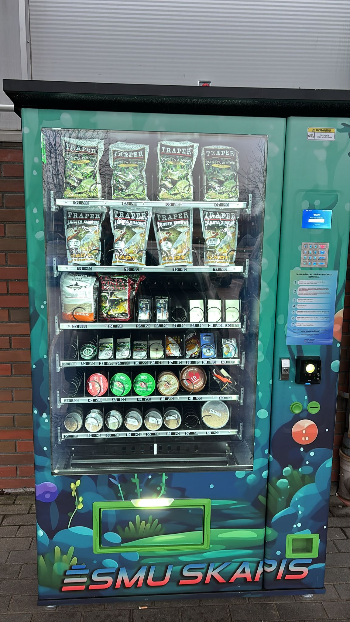 The bait cabinet is available 24 hours a day, 7 days a week. It contains food, flavorings, boilies and different types of worms.
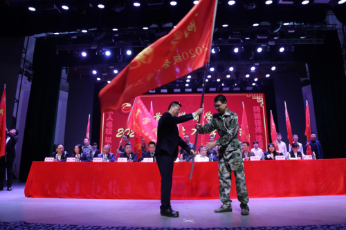 在授班旗仪式上,商学院院长丁建军在庄严的校歌声中为新增班级授予了班旗。当看到本班班旗在舞台上飘扬,在场的所有学生都非常激动,感觉自己真正地融入了一个新的集体之中,现场气氛十分热烈。相信学院“精诚锤炼,诠释商道”的院训已经深深地刻入新生的脑海中,他们一定会时刻铭记以班集体为荣、以学院为荣、以学校为荣。
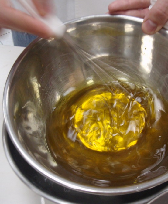 A metil-cellulózból és desztillált vízből ~3 súlyszázalékos metil-cellulóz oldatot készítünk. (A képen Ferran Adria termékcsaládjából látható a „Metil”.) Hozzákeverjük az olíva olajat. A keverésnél úgy járunk el, mint a majonéz készítésénél. Ha felvette az olajat, fecskendőbe szívjuk és óvatosan forró vízbe fecskendezzük. (Melonas az alapanyagokat előre kimérve hozta a bemutatóra. Ez a magyarázata a zacskók használatának.) A forró vízben a „tészta” megtartja alakját és kellően szilárd marad, lehűlve szétesik.
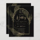 Voici un mariage de cravates noires doucement formel aux couleurs noir et or orné de délicats feuilles en squelette doré recouvrant les bordures d'un cadre voûté. Cette conception fait partie d'une collection de coordination et comprend des éléments tels que les cartes RSVP, enregistrer les dates, les invitations, les signes d'accueil, les autocollants, les serviettes, les programmes, les cartes de numéro de table, les sacs de faveur, les menus et les étiquettes de bouteilles de vin, ainsi qu'une variété de types de cartes et de papier pour convenir à tout budget. Ce design conviendra bien aux thèmes mariages suivants : mariages à thème Whimsical ou romantique, mariages à thème automne ou automne, mariages à thème jardin ou extérieur, mariages à thème rustique ou bohème, conte fée ou mariages à thème enchanté, mariages à thème Vintage ou shabby chic, mariage classique ou intemporel, mariage à thème élégant ou haut de gamme.
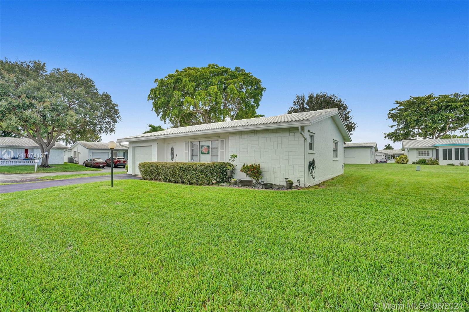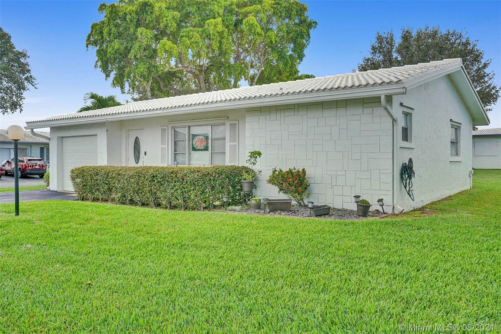 Welcome home to the desirable 55+ community of Lauderdale West in the heart of Plantation. Relax on the tranquil front patio or the screened back patio. The home features a corner lot, widened driveway, updated kitchen and bathrooms, tile throughout living area, walk in closets, and within walking distance to the club house. The community offers billiards, gym, sauna, card room, wood working shop, library, entertainment, 2 community pools, tennis, shuffle board, bocce ball and community shuttle bus. The association fee includes roof, exterior painting, lawn service, cable, internet, minor plumbing and electrical. Association requires 20% down.
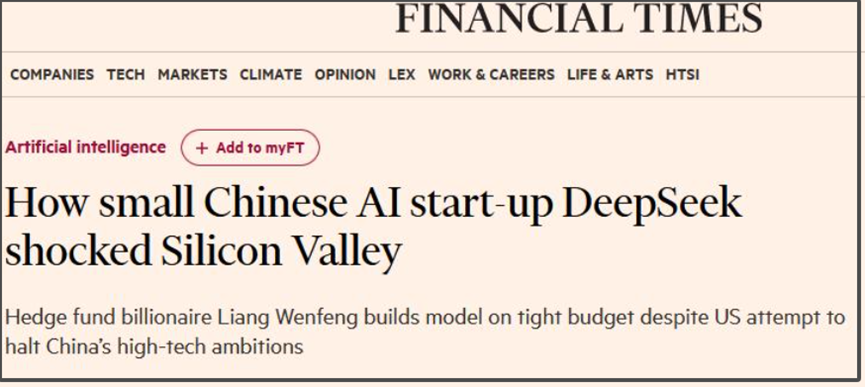 不單單紐約時報,包括英國金融時報等西方主流媒體,都在1月24日大量報道DeepSeek。

▸ **Work instruction**
Without the pictures, copy the entries from their first line through the line containing "在授班旗仪式上,商学院院长丁", and only those lines.

▸ **Task answer**
 The bait cabinet is available 24 hours a day, 7 days a week. It contains food, flavorings, boilies and different types of worms.
 在授班旗仪式上,商学院院长丁建军在庄严的校歌声中为新增班级授予了班旗。当看到本班班旗在舞台上飘扬,在场的所有学生都非常激动,感觉自己真正地融入了一个新的集体之中,现场气氛十分热烈。相信学院“精诚锤炼,诠释商道”的院训已经深深地刻入新生的脑海中,他们一定会时刻铭记以班集体为荣、以学院为荣、以学校为荣。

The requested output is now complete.